§ Task statement
Everything from the line containing "어떠세요? 마치 고양이에게" to the end of the listing, both included, should be returned exactly, apart from the pictures.

§ Raw data
# # # # # # #
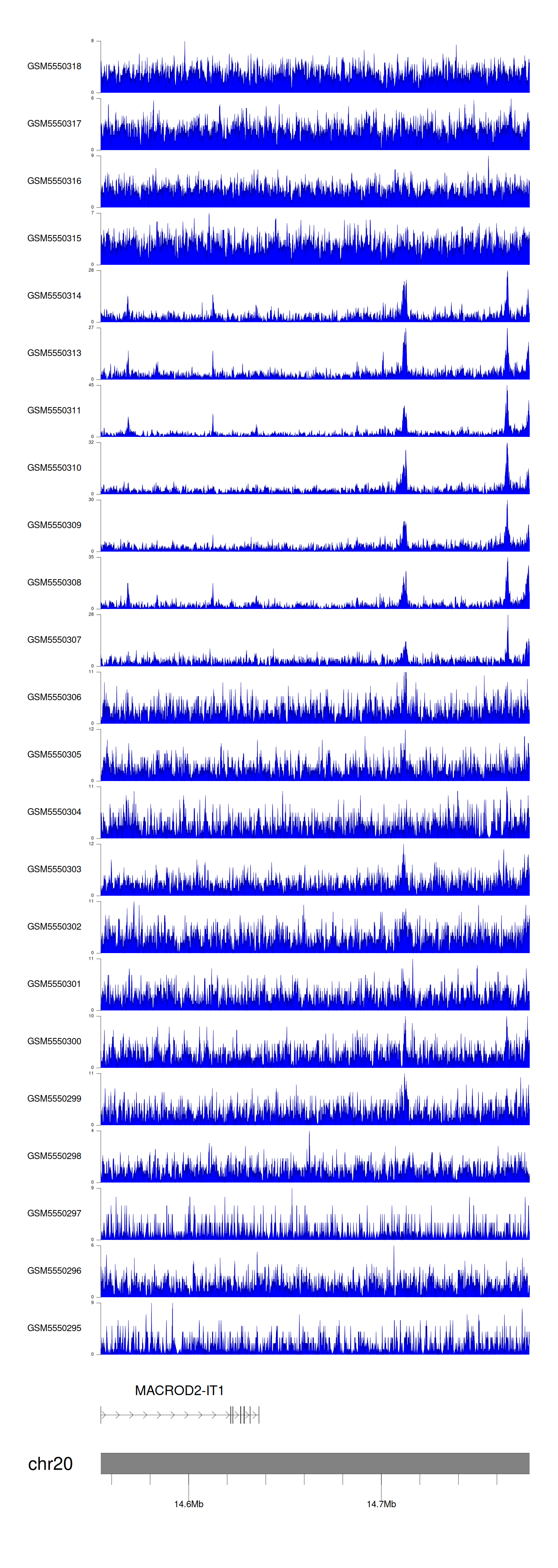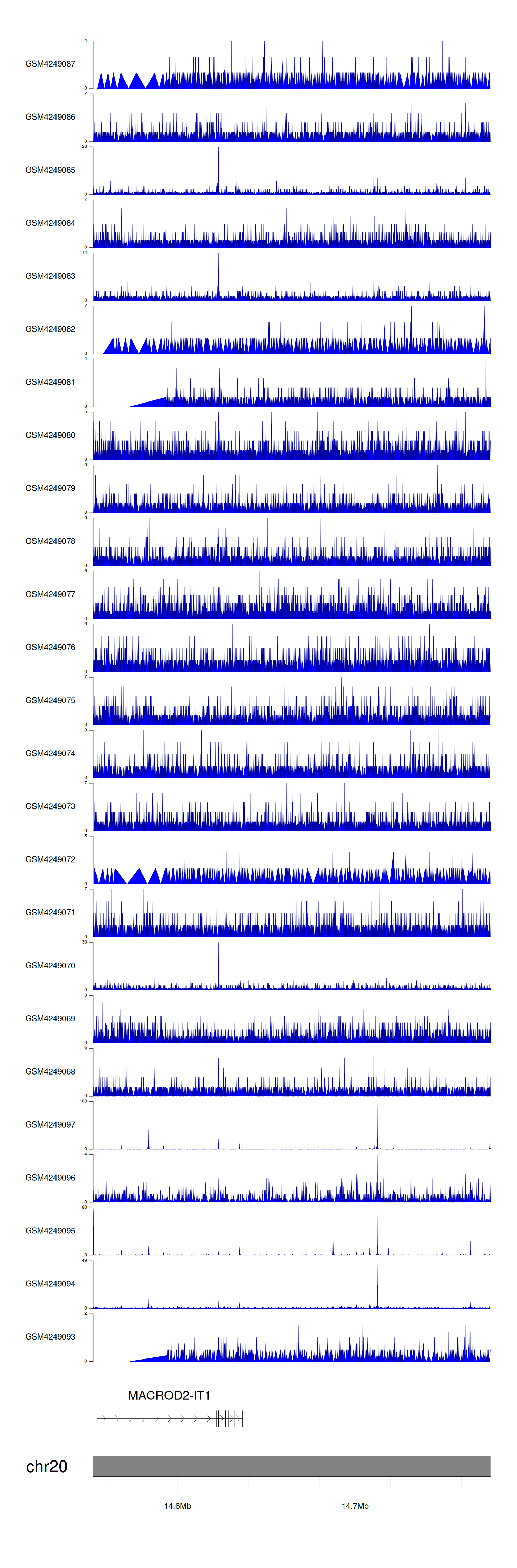 > Dataset: GSE143026 - MACROD2-IT1 peak across samples
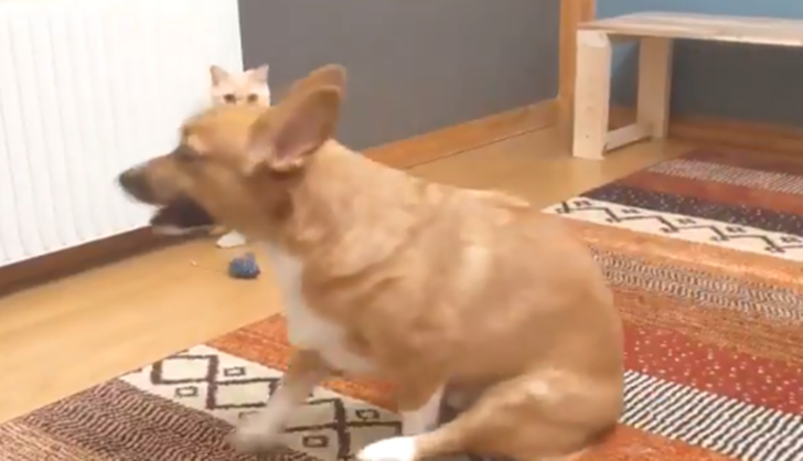 어떠세요? 마치 고양이에게 관심을 두고 있는 보호자로 인해 고양이를 질투하는 듯한 행동을 하는 웰시코기의 모습, 보고만 있어도 힐링이 되는듯 합니다.
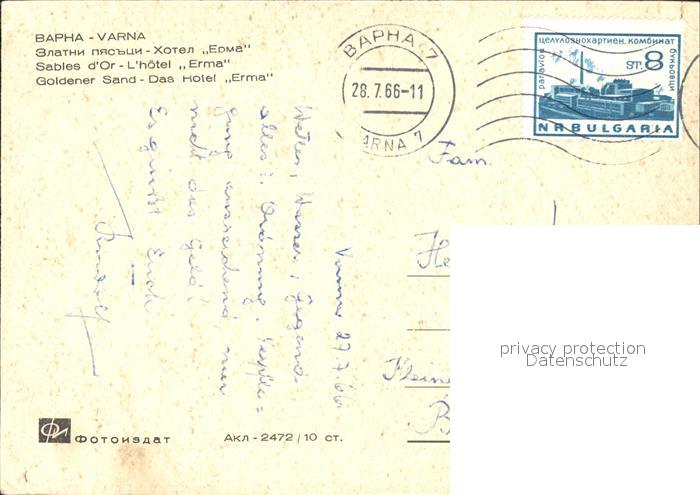 old postcard Varna Warna Hotel Erma postalisch gelaufen Erhaltung siehe scans
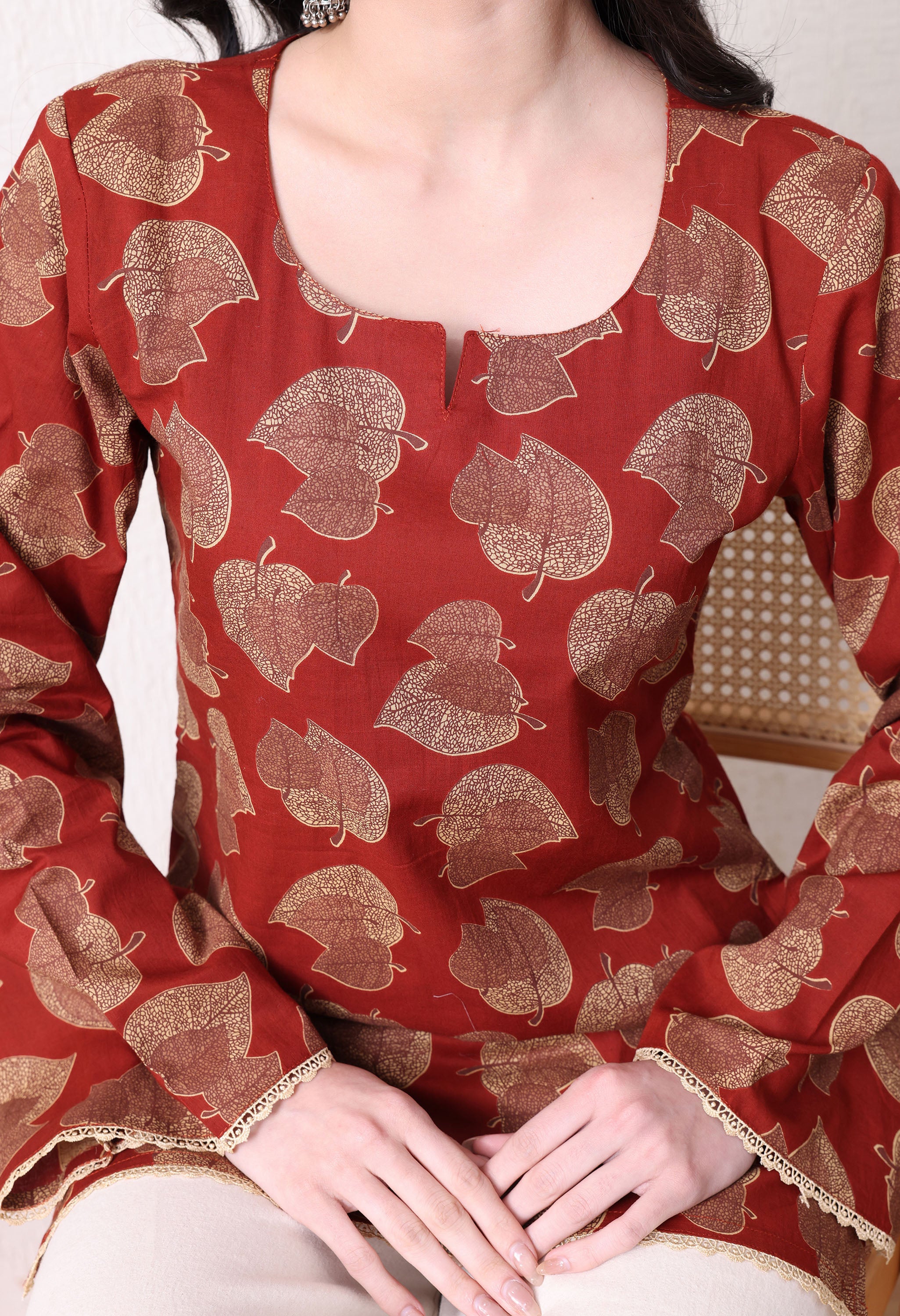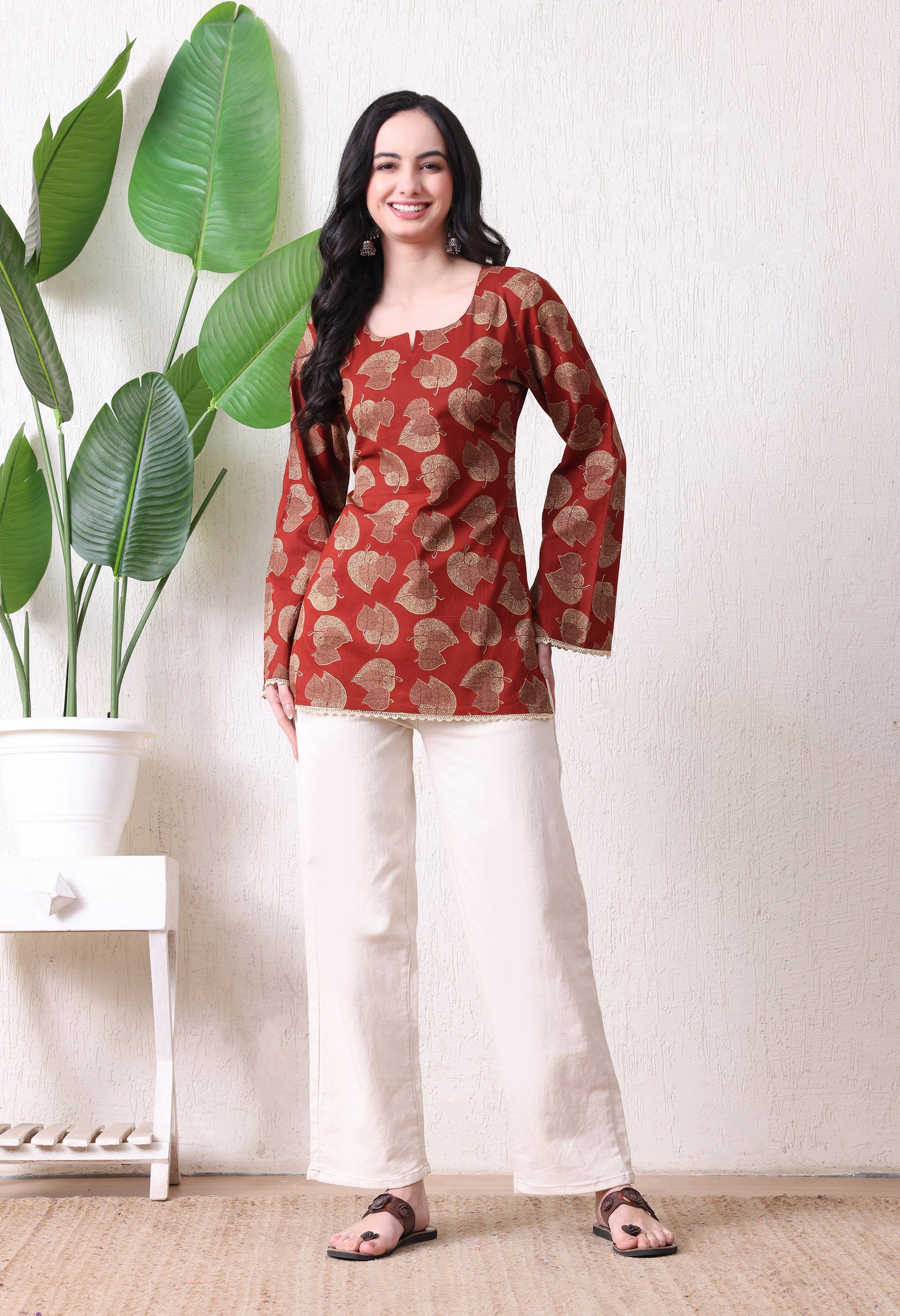 • VERSATILE STYLING: Short kurta length design with Full sleeves and a flattering Round-neckline that pairs beautifully with palazzos, trousers, or leggings for various occasions
# # # # # # #
§ Exercise result
 어떠세요? 마치 고양이에게 관심을 두고 있는 보호자로 인해 고양이를 질투하는 듯한 행동을 하는 웰시코기의 모습, 보고만 있어도 힐링이 되는듯 합니다.
 old postcard Varna Warna Hotel Erma postalisch gelaufen Erhaltung siehe scans
 • VERSATILE STYLING: Short kurta length design with Full sleeves and a flattering Round-neckline that pairs beautifully with palazzos, trousers, or leggings for various occasions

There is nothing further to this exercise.